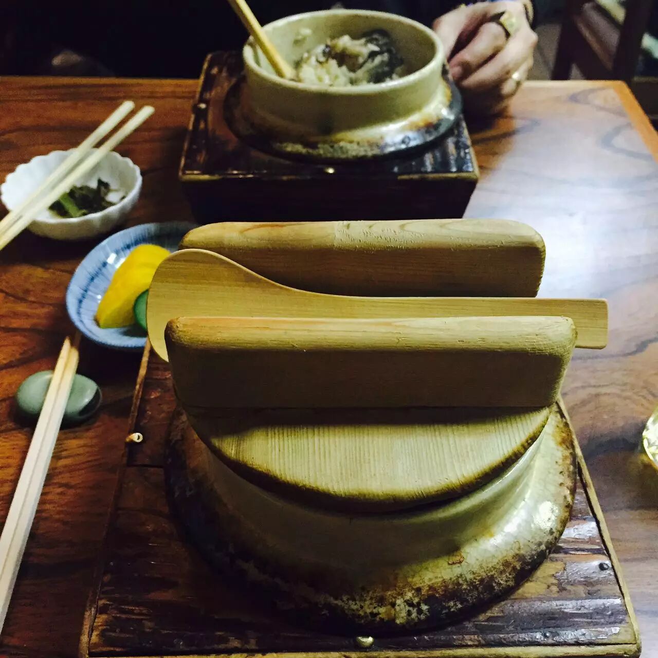 隆重要说的是这道釜饭(かまめし)。釜饭其实就是类似广式煲仔饭的“用锅焖蒸好的饭”,在日本多用炭火慢慢地蒸,据说过去只在冬季比较寒冷的地区常见,现在比较流行起来了,很多传统日餐馆子都有提供。
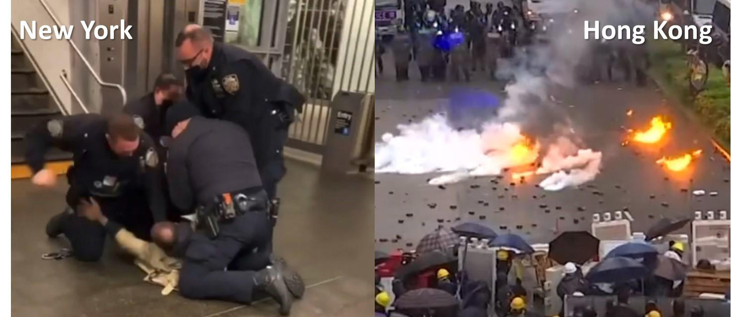 Side-by-side photos show the NYPD officers arresting a suspect in New York on Feb. 16, 2021 (L) and protesters hurling petrol bombs at police in Hong Kong on Aug. 25, 2019.
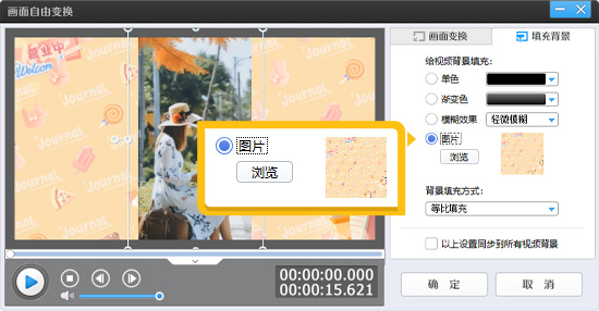 其一,利用内置的丰富背景图片功能一键替换黑边。在软件主界面的左下方,找到并点击“画面自由变换”选项。进入变换框后,选择“填充背景”功能,随后即可导入所需图片。爱剪辑的图片主题丰富多样,涵盖旅行、Vlog、政务宣传、校园、网课、古风等多种类型。选择合适的图片后,视频左右的黑边瞬间就被替换成漂亮的背景画面。
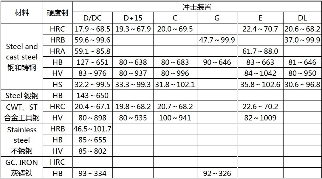 2) 适应多种冲击装置和6种多种硬度制式转换
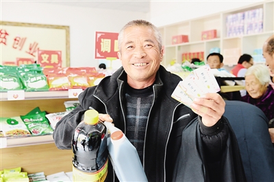 山西呂梁石樓縣義碟鎮(zhèn)下河村貧困戶焦三喜領(lǐng)到扶貧積分卡,憑積分卡可以到扶貧超市兌換日常生活用品。資料圖片
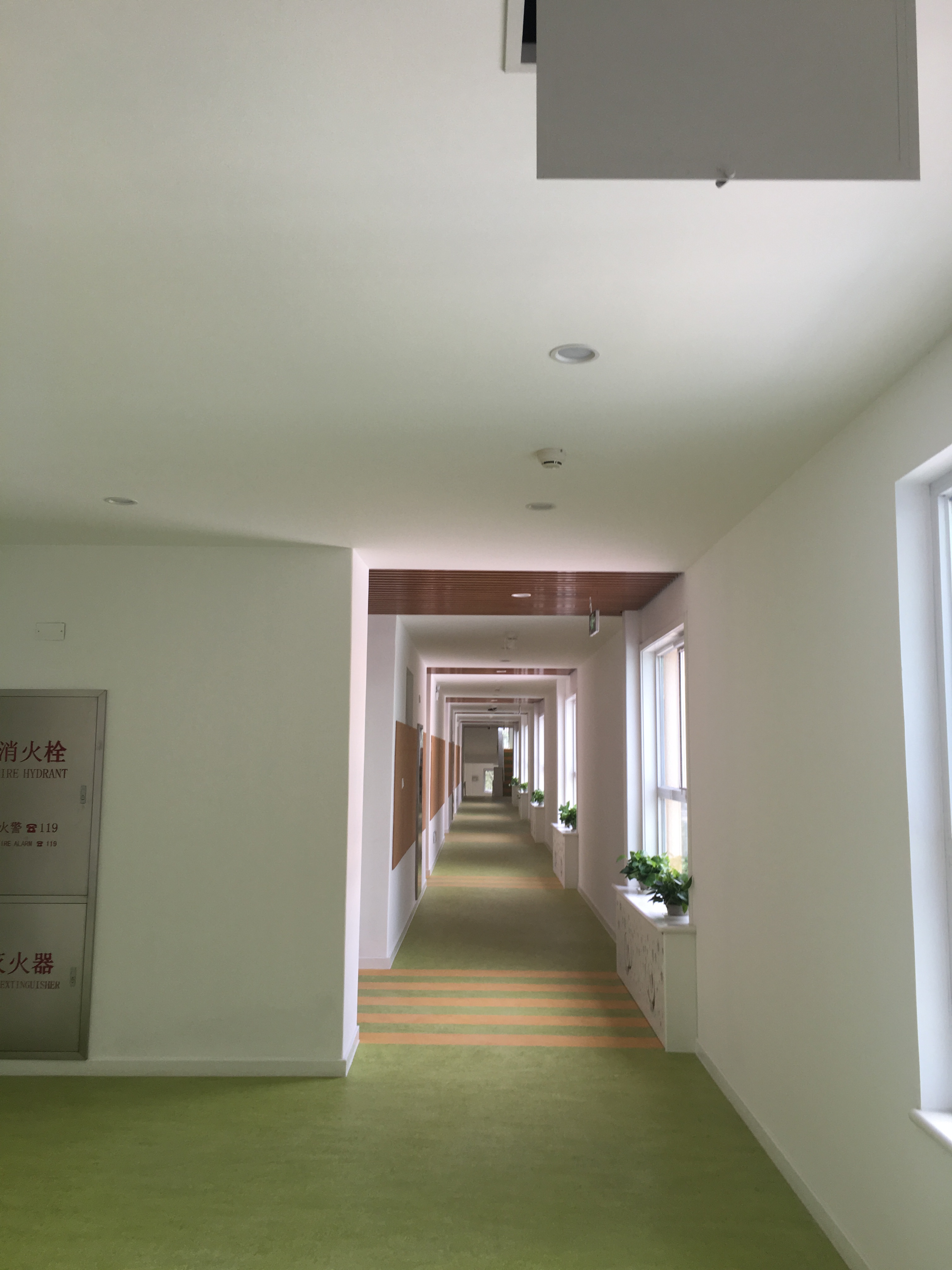 北京師范大學(xué)實驗幼兒園中每個教室和走廊采用了有源吸頂揚聲器平均分布的安裝方式,負(fù)責(zé)全場區(qū)域的聲音覆蓋,吸頂揚聲器可以很好的對聽音區(qū)實現(xiàn)覆蓋,通過處理器內(nèi)均衡、延時、壓限等功能的設(shè)置,可以將聲場調(diào)試至最佳狀態(tài),使音箱的頻響達(dá)到極佳的效果。通過調(diào)試,室外防水音柱均勻的覆蓋全場,聲壓級、均勻度等指標(biāo)均能達(dá)到標(biāo)準(zhǔn)。
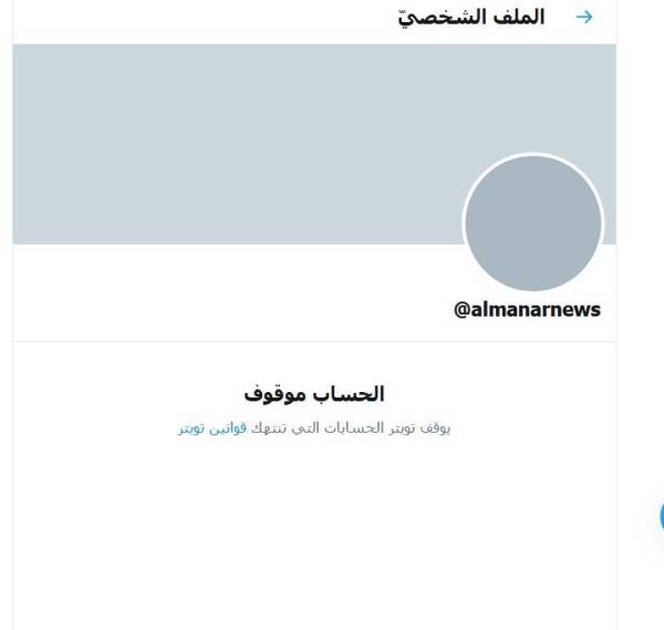 أغلقت إدارة شركة «تويتر»، السبت، حساب قناة المنار الرسمي التابعة لميليشيا حزب الله اللبناني، حسب ما ذكره موقع العربية نت.
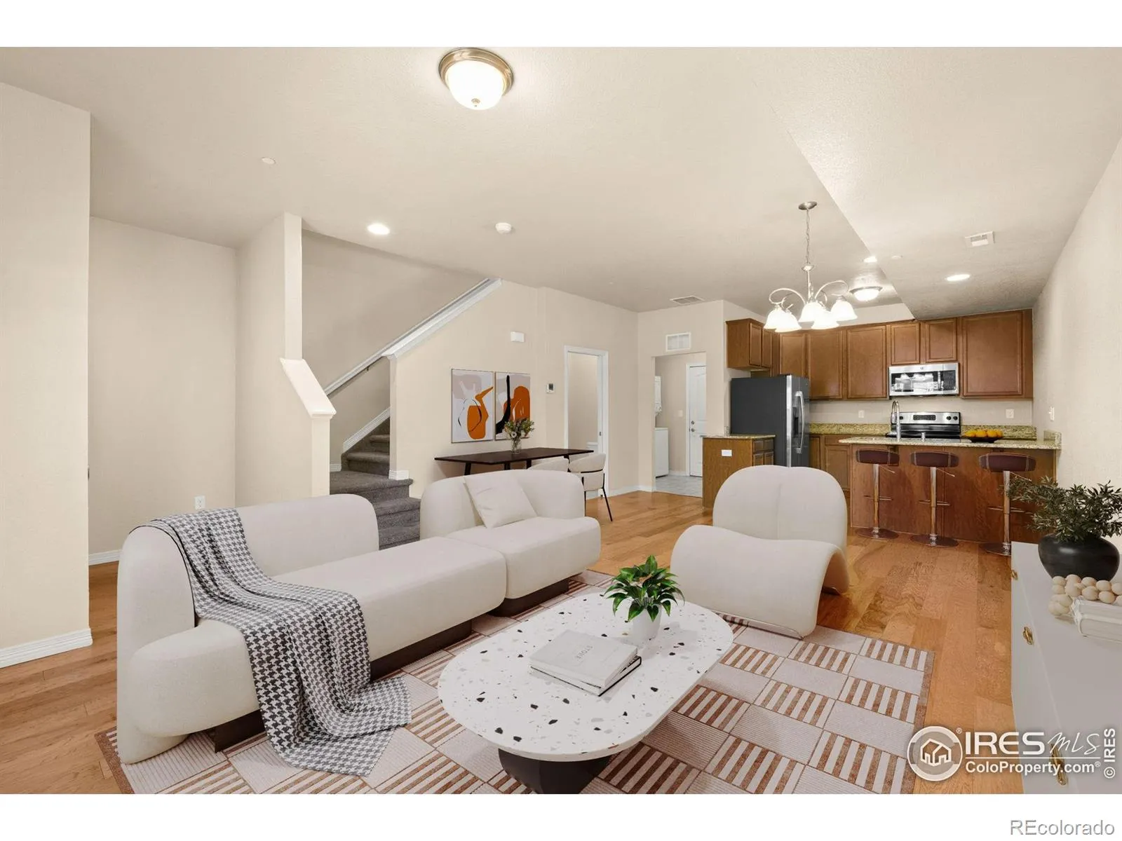 Fantastic Fort Collins location!! Tucked in close to transportation, shopping, dining, and parks. This West facing Rockefeller Plan features an open kitchen layout with beautiful cabinetry, granite counter tops, hardwood floors and stainless steel appliances. The main level is light and open with gorgeous hardwood floors in the Kitchen and Living Room. The guest 1/2 bath is located on the main level as well as the Laundry/Mud Room. On the upper level, the Primary Bedroom features it’s own private bathroom and West facing windows along with the additional two bedrooms and additional bath. The 2 car attached garage is newly painted and wonderful for easy grocery unloading. This one has everything needed to move in today with all appliances including Washer and Dryer. You can call it home for the holidays!
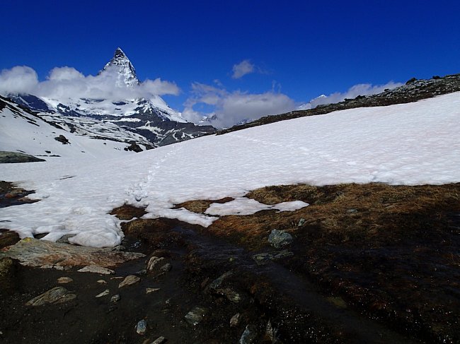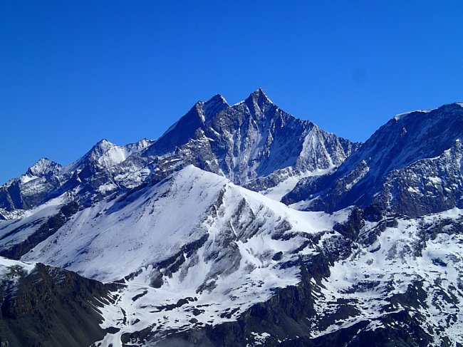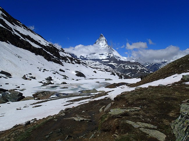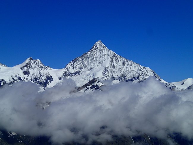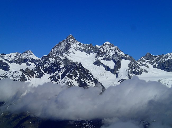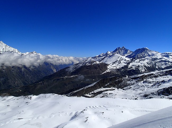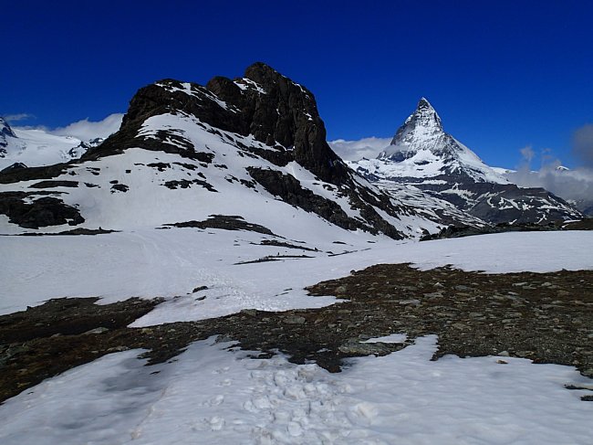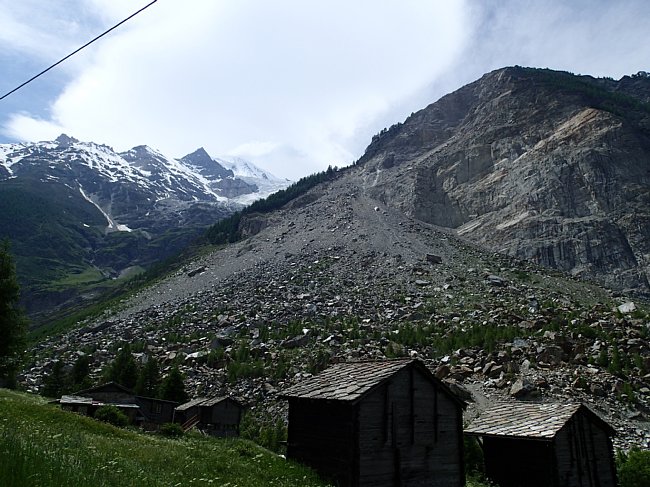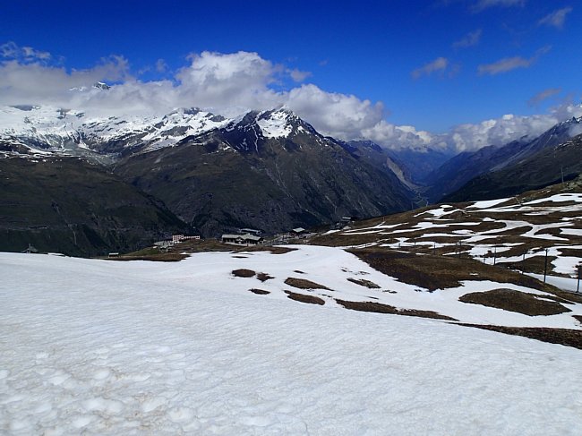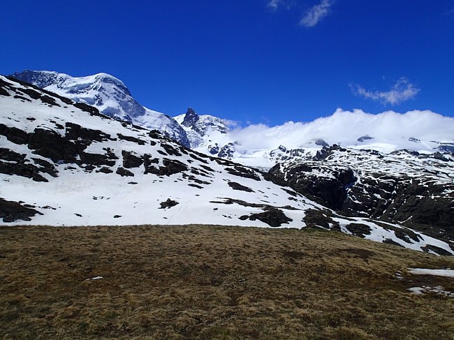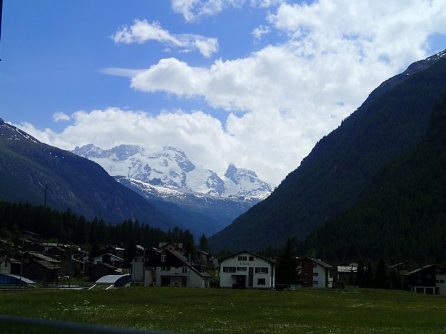 テッシュの村の奥にブライトホルンとクラインマッターホルン

■ **Directions for this task**
In the entries above, find the line that contains "山西呂梁石樓縣義碟鎮(zhè" and the line that contains "أغلقت إدارة شركة". Reproduce exactly those two lines and every line between them, but not the pictures.

■ **Your solution**
 山西呂梁石樓縣義碟鎮(zhèn)下河村貧困戶焦三喜領(lǐng)到扶貧積分卡,憑積分卡可以到扶貧超市兌換日常生活用品。資料圖片
 北京師范大學(xué)實驗幼兒園中每個教室和走廊采用了有源吸頂揚聲器平均分布的安裝方式,負(fù)責(zé)全場區(qū)域的聲音覆蓋,吸頂揚聲器可以很好的對聽音區(qū)實現(xiàn)覆蓋,通過處理器內(nèi)均衡、延時、壓限等功能的設(shè)置,可以將聲場調(diào)試至最佳狀態(tài),使音箱的頻響達(dá)到極佳的效果。通過調(diào)試,室外防水音柱均勻的覆蓋全場,聲壓級、均勻度等指標(biāo)均能達(dá)到標(biāo)準(zhǔn)。
 أغلقت إدارة شركة «تويتر»، السبت، حساب قناة المنار الرسمي التابعة لميليشيا حزب الله اللبناني، حسب ما ذكره موقع العربية نت.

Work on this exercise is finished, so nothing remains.